▸ EXERCISE: In the listing below, the lines starting with the line with "如果想從文章返回音頻播放器,操作也很方便" and going on through the line with "1) двое сказали" are to be reproduced exactly, and only those.

▸ SUPPLIED ENTRIES:
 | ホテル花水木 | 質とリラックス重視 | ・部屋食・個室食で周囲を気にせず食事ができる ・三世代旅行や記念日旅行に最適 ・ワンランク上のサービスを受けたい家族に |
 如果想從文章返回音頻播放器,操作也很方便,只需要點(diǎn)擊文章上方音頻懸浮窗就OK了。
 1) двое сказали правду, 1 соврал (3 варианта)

---

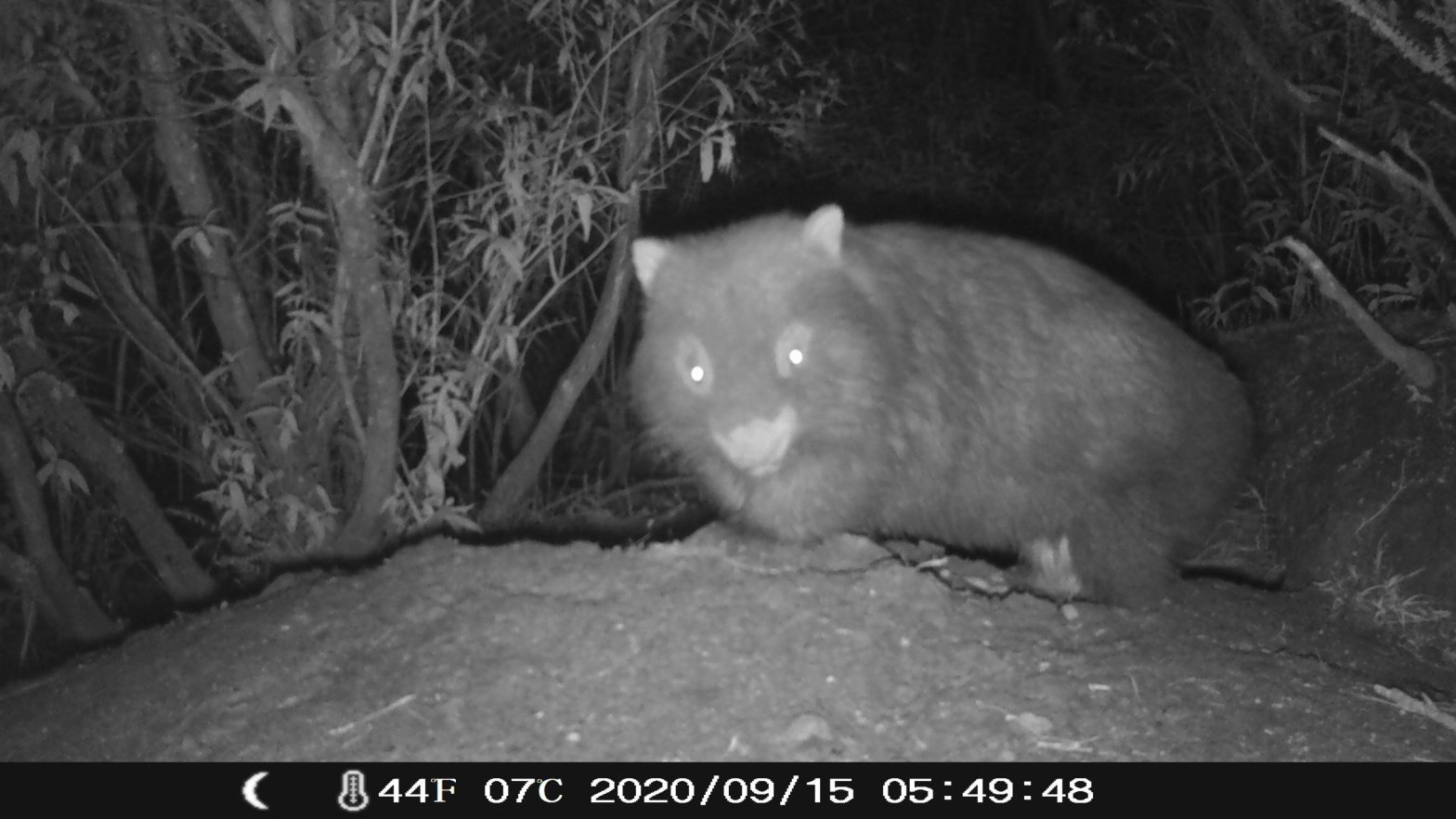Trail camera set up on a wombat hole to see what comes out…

▸ SOLUTION FOR THIS PROBLEM:
 如果想從文章返回音頻播放器,操作也很方便,只需要點(diǎn)擊文章上方音頻懸浮窗就OK了。
 1) двое сказали правду, 1 соврал (3 варианта)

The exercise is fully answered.